Hurried footsteps on my staircase. A loud tapping at my door. The church clock chiming twelve. The agitated, weeping figure of Mrs. Gunton-Cresswell approaching my hammock. A telegram thrust into my hand. Mrs. Gunton-Cresswell's hysterical exclamation, "You infamous monster—you—you are at the bottom of this."

All very disconcerting. All, fortunately, very unusual.

My eyes were leaden with slumber, but I forced myself to decipher the following message, which had been telegraphed to West Kensington Lane:

Wedding must be postponed.—CLOYSTER.

"I've had no hand in this," I cried; "but," I added enthusiastically, "it serves Eva jolly well right."

CHAPTER 22

A CHAT WITH JAMES (Julian Eversleigh's narrative continued)

Mrs. Gunton-Cresswell seemed somehow to drift away after that.

Apparently I went to sleep again, and she didn't wait.

When I woke, it was getting on for two o'clock. I breakfasted, with that magnificent telegram propped up against the teapot; had a bath, dressed, and shortly before five was well on my way to Walpole Street.

The more I thought over the thing, the more it puzzled me. Why had James done this? Why should he wish to treat Eva in this manner? I was delighted that he had done so, but why had he? A very unexpected person, James.

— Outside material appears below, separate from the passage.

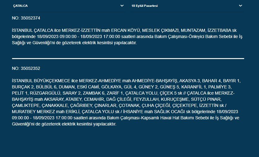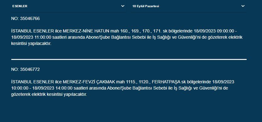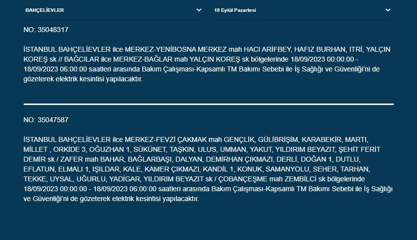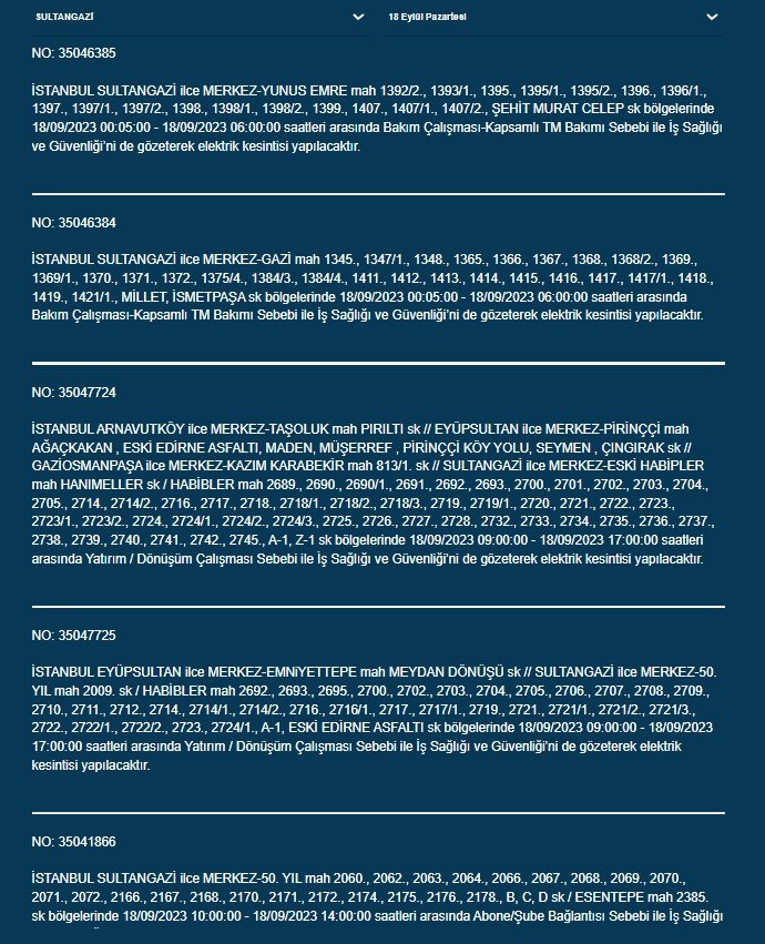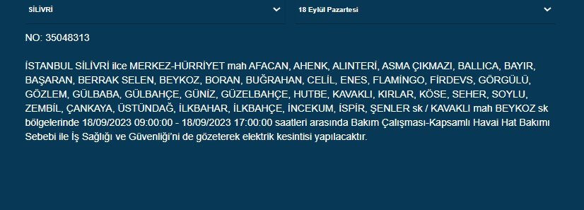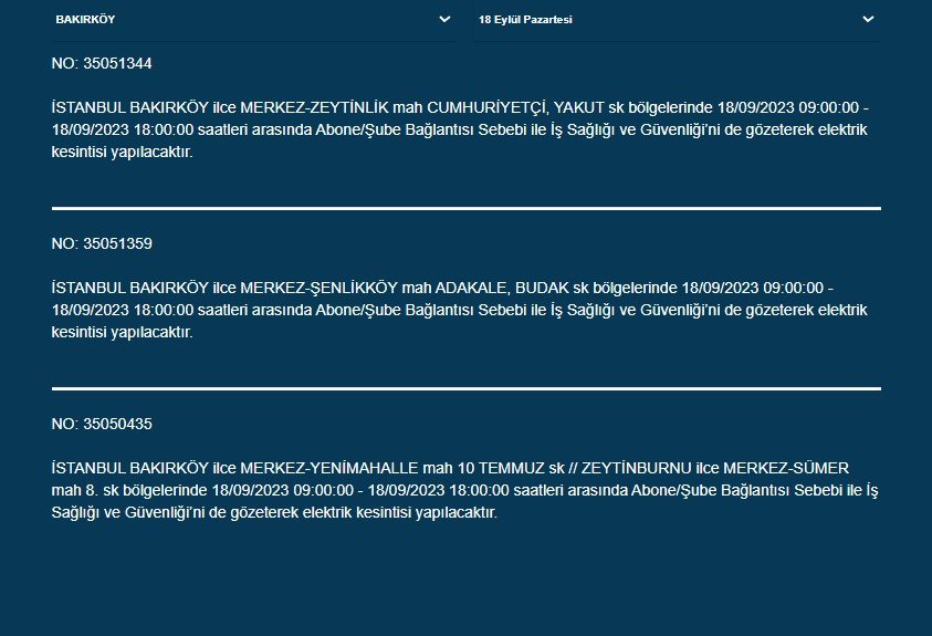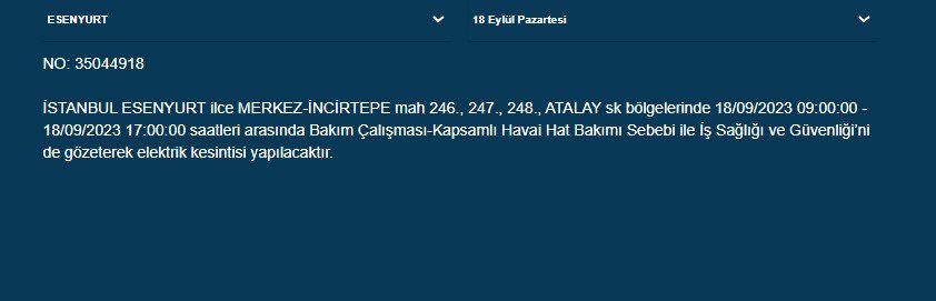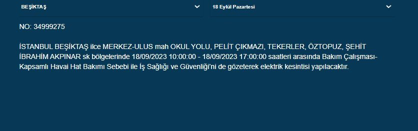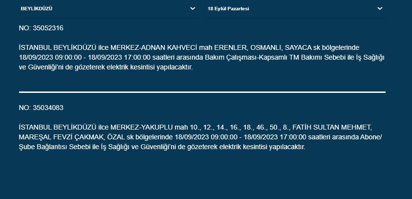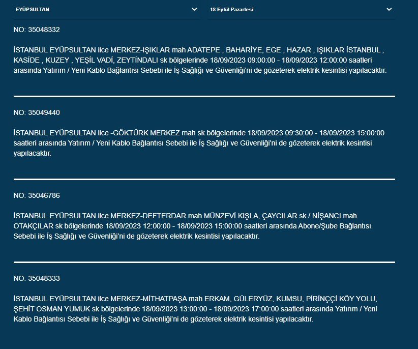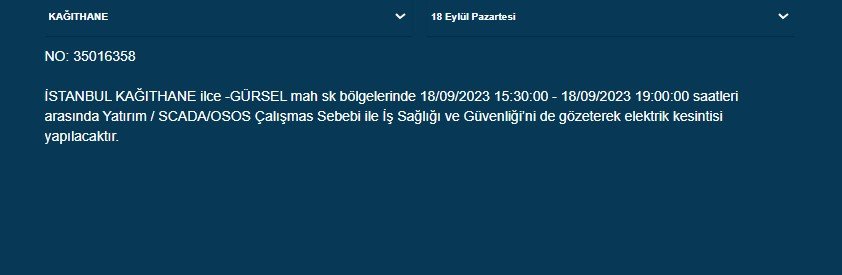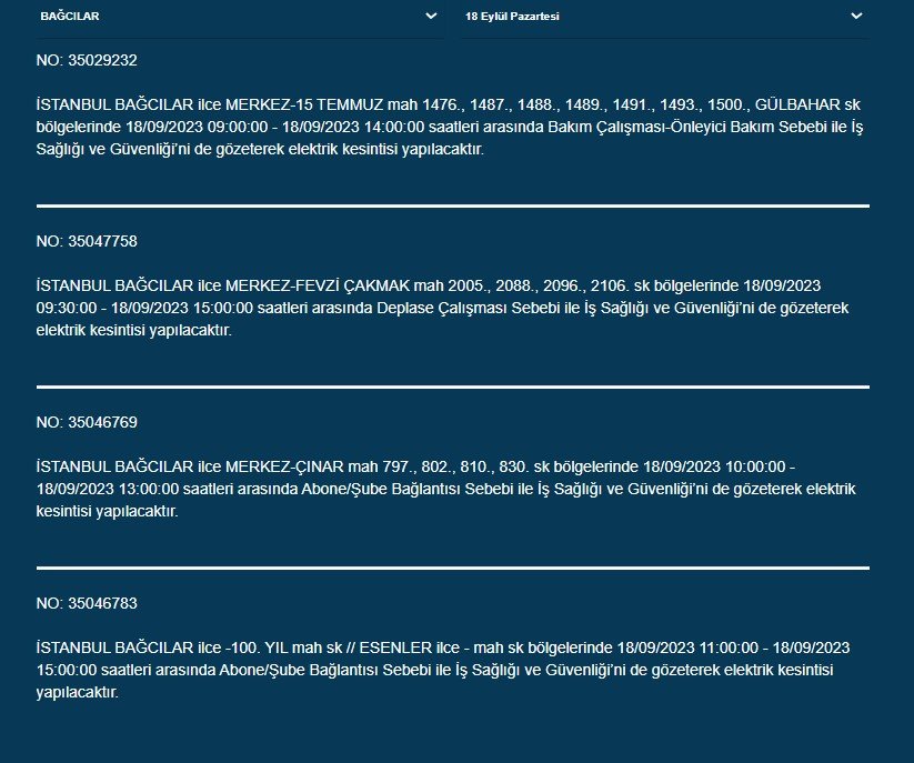 BEDAŞ'tan yapılan açıklamaya göre 18 Eylül Pazartesi günü İstanbul'un 19 ilçesinde elektrik kesintisi yaşanacak. İşte saat saat elektrik kesintileri...

James was lying back in his shabby old armchair, smoking a pipe. There was tea on the table. The room seemed more dishevelled than ever. It would have been difficult to say which presented the sorrier spectacle, the room or its owner.

He looked up as I came in, and nodded listlessly. I poured myself out a cup of tea, and took a muffin. Both were cold and clammy. I went to the bell.

"What are you doing?" asked James.

"Only going to ring for some more tea," I said.

"No, don't do that. I'll go down and ask for it. You don't mind using my cup, do you?"

He went out of the room, and reappeared with a jug of hot water.

"You see," he explained, "if Mrs. Blankley brings in another cup she'll charge for two teas instead of one."

"It didn't occur to me," I said. "Sorry."

"It sounds mean," mumbled James.

"Not at all," I said. "You're quite right not to plunge into reckless extravagance."

James blushed slightly—a feat of which I was surprised to see that he was capable.

"The fact is——" he began.

I interrupted him.

"Never mind about that," I said. "What I want to know is—what's the meaning of this?" And I shoved the bilious-hued telegraph form under his nose, just as Mrs. Gunton-Cresswell had shoved it under mine.

"It means that I'm done," he said.

"I don't understand."

"I'll explain. I have postponed my marriage for the same reason that I refused you a clean cup—because I cannot afford luxuries."

"It may be my dulness; but, still, I don't follow you. What exactly are you driving at?"

"I'm done for. I'm on the rocks. I'm a pauper."

"A what?"

"A pauper."

I laughed. The man was splendid. There was no other word for it.

"And shall I tell you something else that you are?" I said. "You are a low, sneaking liar. You are playing it low down on Eva."

He laughed this time. It irritated me unspeakably.

"Don't try to work off the hollow, mirthless laugh dodge on me," I said, "because it won't do. You're a blackguard, and you know it."

"I tell you I'm done for. I've barely a penny in the world."

"Rot!" I said. "Don't try that on me. You've let Eva down plop, and I'm jolly glad; but all the same you're a skunk. Nothing can alter that. Why don't you marry the girl?"

"I can't," he said. "It would be too dishonourable."

"Dishonourable?"

"Yes. I haven't got enough money. I couldn't ask her to share my poverty with me. I love her too dearly."

I was nearly sick. The beast spoke in a sort of hushed, soft-music voice as if he were the self-sacrificing hero in a melodrama. The stained-glass expression on his face made me feel homicidal.

"Oh, drop it," I said. "Poverty! Good Lord! Isn't two thousand a year enough to start on?"

"But I haven't got two thousand a year."

"Oh, I don't pretend to give the figures to a shilling."